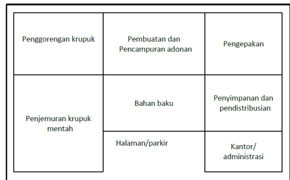
Gambar 2. Tata letak pabrik UMKM X

Pabrik kerupuk UMKM X Bandung Barat, berada diatas tanah seluas sekitar 600 m2, dengan tata letak pabriknya seperti dalam gambar 2 berikut.
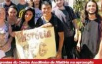
Alunos do Centro Acadêmico de História em uma reunião no Campus de Pádua, no Centro de Educação de Letras.
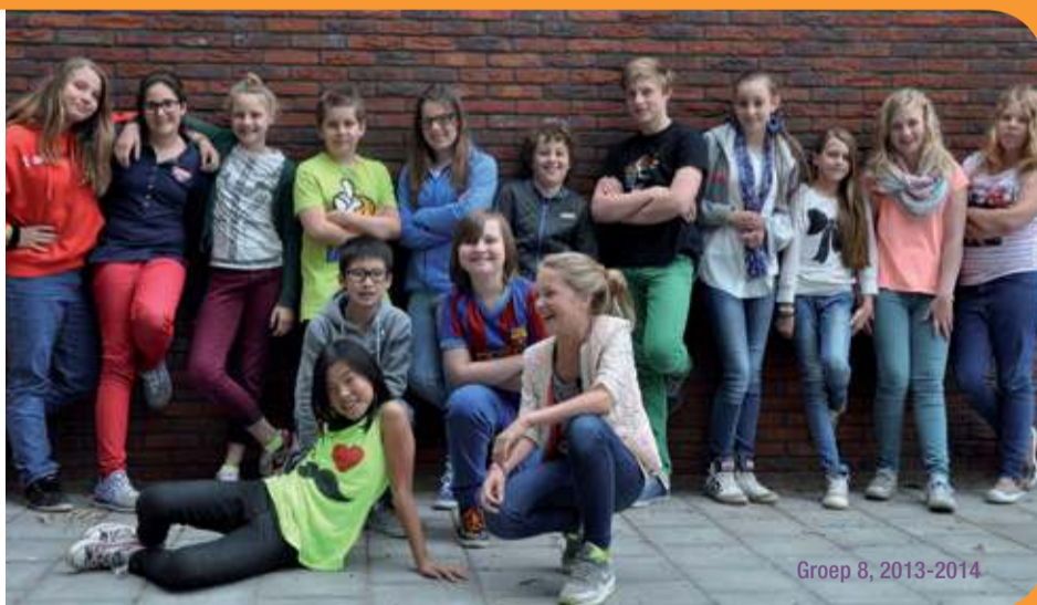
Groep 8, 2013-2014

Na 8 leerzame en gezellige jaren zijn we helemaal klaar voor de middelbare school!
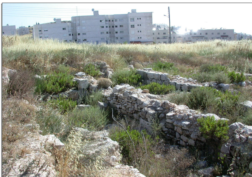
חר' עדאסה (דרום)

דרומית מערבית למכלול זה תועדו מתקנים ושרידי מבנים: בורות מים, שרידי מבנה מלבני (5.62*10.33) ששימש תחילה כמאגר מים ולימים הוסב למגורים. גת שעיקרה משטח דריכה, שבמרכזו נחצב בור. בקרבת הגת: שני בורות מים עגולים (ע"פ סקר ירושלים).
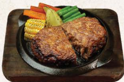
ビーフハンバーグステーキ Beef Hamburg Steak

beef meatloaf patty steak and vegetables served in hot plate with 3 kinds sauce choice: demiglass / teriyaki / oroshi ponzu
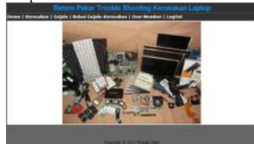
Gambar 10 Tampilan menu home
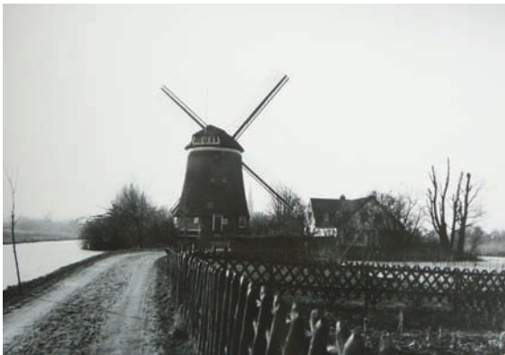
Het Ankeveensepad circa veertig geleden.

§ TASK ITEM
Repeat the listing above up to and including the line with "Groep 8, 2013-2014", starting from its first line. Drop any pictures.

§ THE COMPLETED TASK
Gambar 2. Tata letak pabrik UMKM X

Pabrik kerupuk UMKM X Bandung Barat, berada diatas tanah seluas sekitar 600 m2, dengan tata letak pabriknya seperti dalam gambar 2 berikut.
Alunos do Centro Acadêmico de História em uma reunião no Campus de Pádua, no Centro de Educação de Letras.
Groep 8, 2013-2014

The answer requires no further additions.